◆ EXERCISE INSTRUCTIONS ◆
Output the data below only from the line containing "À CYSB, la même" up to and including the line containing "American Singer Joe", exact and with the pictures left out.

◆ SUPPLIED ENTRIES ◆
>>>>

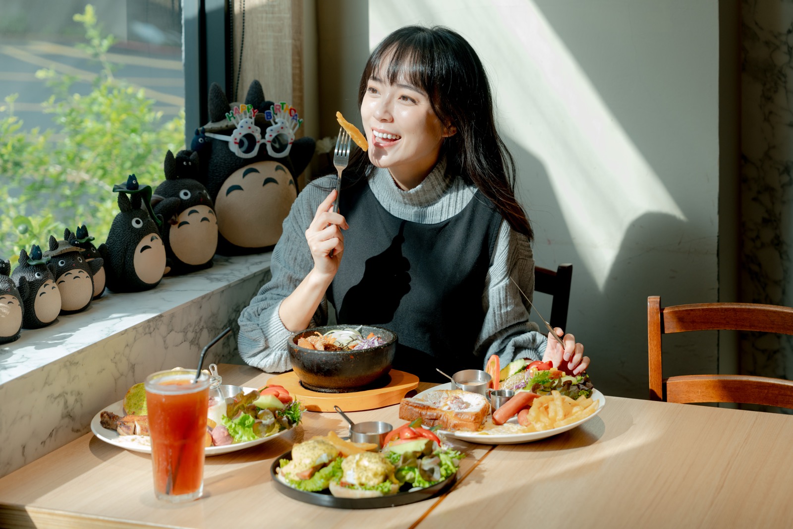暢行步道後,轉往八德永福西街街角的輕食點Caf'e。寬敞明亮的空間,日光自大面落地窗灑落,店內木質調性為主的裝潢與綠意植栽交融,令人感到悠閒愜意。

<<<<
>>>>

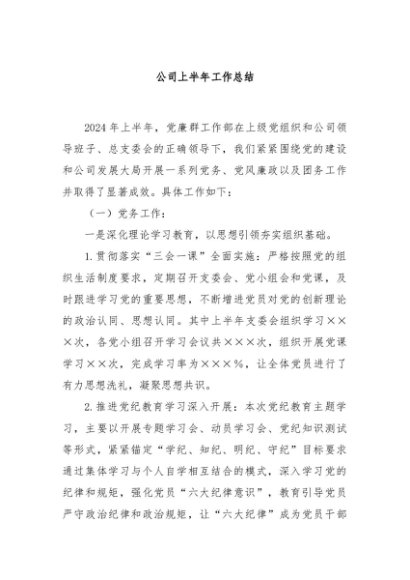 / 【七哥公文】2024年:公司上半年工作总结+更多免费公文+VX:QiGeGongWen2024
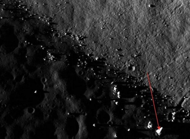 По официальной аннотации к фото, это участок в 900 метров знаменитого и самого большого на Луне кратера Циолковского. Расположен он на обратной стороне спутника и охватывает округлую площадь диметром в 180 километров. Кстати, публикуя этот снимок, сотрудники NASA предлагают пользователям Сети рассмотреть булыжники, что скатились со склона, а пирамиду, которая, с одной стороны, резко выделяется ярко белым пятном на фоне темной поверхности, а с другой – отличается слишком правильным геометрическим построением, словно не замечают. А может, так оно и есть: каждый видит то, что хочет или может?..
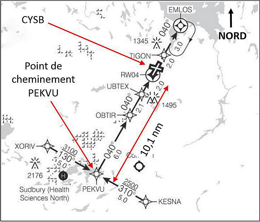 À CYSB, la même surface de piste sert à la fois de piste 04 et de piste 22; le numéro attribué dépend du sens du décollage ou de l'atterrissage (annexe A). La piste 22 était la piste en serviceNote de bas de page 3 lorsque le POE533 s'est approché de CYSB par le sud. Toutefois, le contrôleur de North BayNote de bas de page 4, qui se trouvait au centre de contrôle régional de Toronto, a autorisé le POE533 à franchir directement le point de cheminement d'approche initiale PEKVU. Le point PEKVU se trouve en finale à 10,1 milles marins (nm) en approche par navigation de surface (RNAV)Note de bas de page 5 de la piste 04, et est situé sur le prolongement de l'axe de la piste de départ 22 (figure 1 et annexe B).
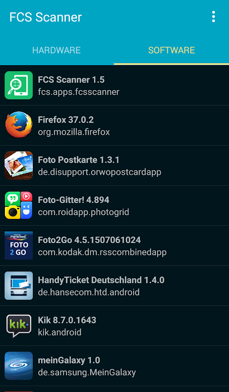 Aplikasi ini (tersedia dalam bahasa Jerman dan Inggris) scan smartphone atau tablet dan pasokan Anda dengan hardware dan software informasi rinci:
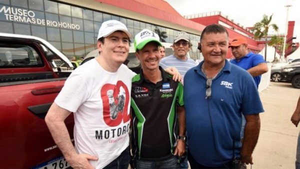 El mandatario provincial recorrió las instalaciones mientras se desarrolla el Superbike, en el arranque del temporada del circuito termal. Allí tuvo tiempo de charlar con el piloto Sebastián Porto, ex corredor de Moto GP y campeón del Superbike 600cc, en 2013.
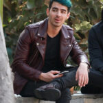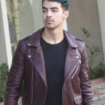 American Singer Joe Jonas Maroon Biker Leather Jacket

<<<<

◆ SOLUTION FOR THIS EXERCISE ◆
 À CYSB, la même surface de piste sert à la fois de piste 04 et de piste 22; le numéro attribué dépend du sens du décollage ou de l'atterrissage (annexe A). La piste 22 était la piste en serviceNote de bas de page 3 lorsque le POE533 s'est approché de CYSB par le sud. Toutefois, le contrôleur de North BayNote de bas de page 4, qui se trouvait au centre de contrôle régional de Toronto, a autorisé le POE533 à franchir directement le point de cheminement d'approche initiale PEKVU. Le point PEKVU se trouve en finale à 10,1 milles marins (nm) en approche par navigation de surface (RNAV)Note de bas de page 5 de la piste 04, et est situé sur le prolongement de l'axe de la piste de départ 22 (figure 1 et annexe B).
 Aplikasi ini (tersedia dalam bahasa Jerman dan Inggris) scan smartphone atau tablet dan pasokan Anda dengan hardware dan software informasi rinci:
 El mandatario provincial recorrió las instalaciones mientras se desarrolla el Superbike, en el arranque del temporada del circuito termal. Allí tuvo tiempo de charlar con el piloto Sebastián Porto, ex corredor de Moto GP y campeón del Superbike 600cc, en 2013.
 American Singer Joe Jonas Maroon Biker Leather Jacket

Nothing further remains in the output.